Despite assertions by Sovereign's then CEO, defendant Joseph Campanelli, that the company was fundamentally sound, Sovereign ended up reporting a $1.3 billion net loss for fiscal year 2007, the suit said.

Sovereign failed to properly manage the retirement plan's assets when it continued offering company stock as an investment option for plan participants, even though the company's was on shaky financial footing, the class claimed.

Senior U.S. District Judge J. William Ditter Jr. dismissed that claim last week, citing legal precedent entitling fiduciaries to a "presumption of prudence" in cases like this.

To overcome that presumption, plaintiffs must allege that a "dire situation" demanded that the fiduciary cease investing in company stock, the judge noted.

Sovereign argued that plaintiffs failed to plead such a scenario, pointing out that Sovereign didn't file for bankruptcy, and that its stock remains publicly traded and retains value.

The class said they overcame that presumption by accusing defendants of artificially inflating its stock through "highly risky and improper activities."

But, Ditter called these allegations "non-specific and conclusory." The plaintiffs did not specify what those activities were and which defendants allegedly engaged in them.

"In short, the complaint ... is ... insufficient to overcome the presumption of prudence afforded to the fiduciaries," the judge found.

The class also said Sovereign's SEC filings were false and misleading, and that the company therefore breached its duty to communicate with plan participants.

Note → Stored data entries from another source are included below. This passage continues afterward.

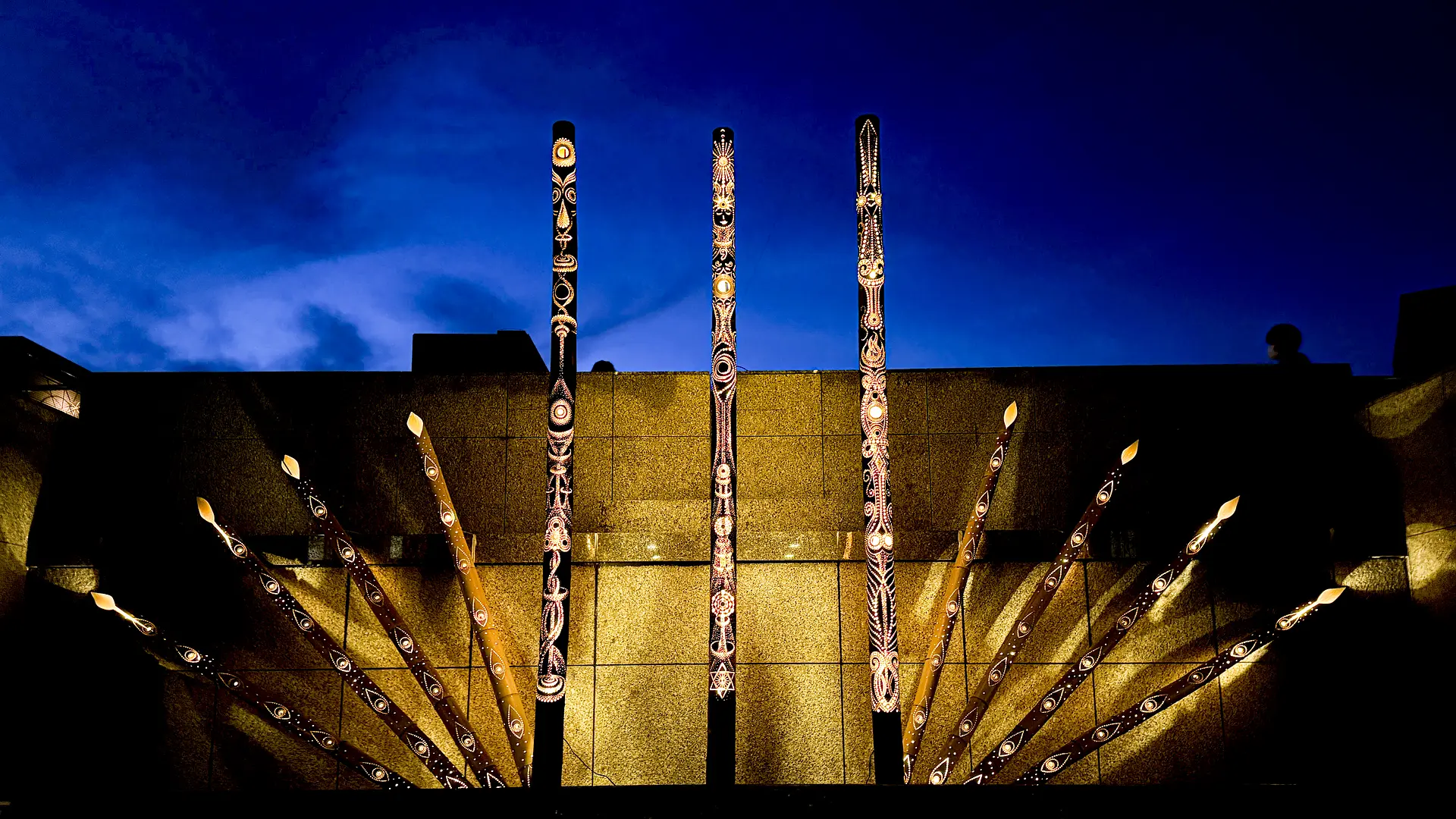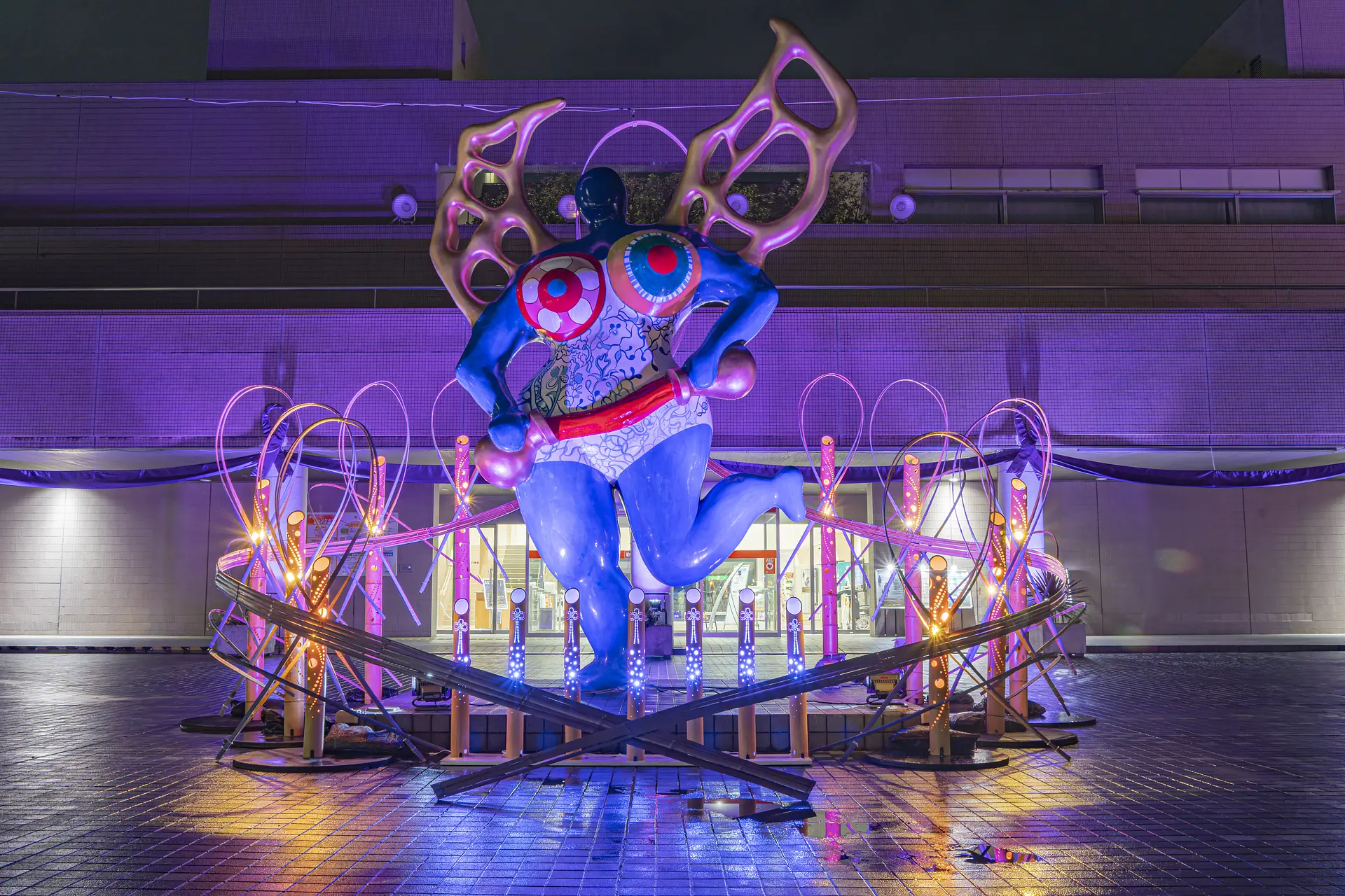 まずはメインエントランスの正面階段から。正面の竹あかりは昨年のメインモニュメント。メインの3本の竹あかりは、天照大神など3つの祖先となる神々が表現されているそうです。大きなオブジェに圧倒されました。
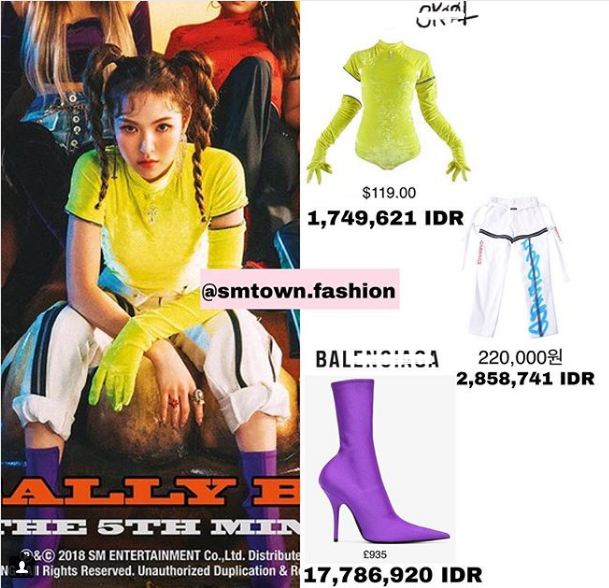 Nguyên cây bad girl của Wendy gồm áo 2, 7 triệu, quần 4,6 triệu và giày 24 triệu.
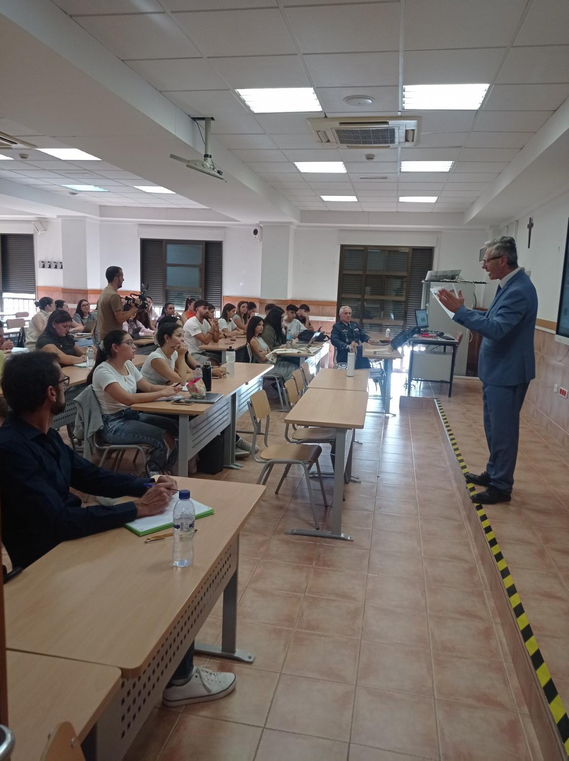 Félix López Cánovas, Jefe del Equipo de lnvestigación Tecnológica de la Unidad Orgánica de Policía Judicial de la Guardia Civil de Murcia ha sido uno de los principales ponentes del Seminario: Los Riesgos y Amenazas a la Seguridad Nacional en la Estrategia Española de Seguridad 2021, organizado por el Vicerrectorado de Relaciones Internacionales y Comunicación de la UCAM. Hoy continúan las conferencias de la mano de la Embajadora del Pacto por el Clima de la Unión Europea y del Vicedecano del Grado en Podología y de la UCAM.

Ditter found that allegation similarly short on specifics, ordering its dismissal.

The lone count that survived last week says Sovereign breached its fiduciary duty by loaning $40 million to the plan with "above reasonable market rate interest" of 10 percent to finance the purchase of 6.4 million shares of Sovereign stock.

Ditter said the class can proceed with that claim against certain defendants, noting that "the reasonableness of the interest rate is generally a question of fact that requires the presentation of evidence."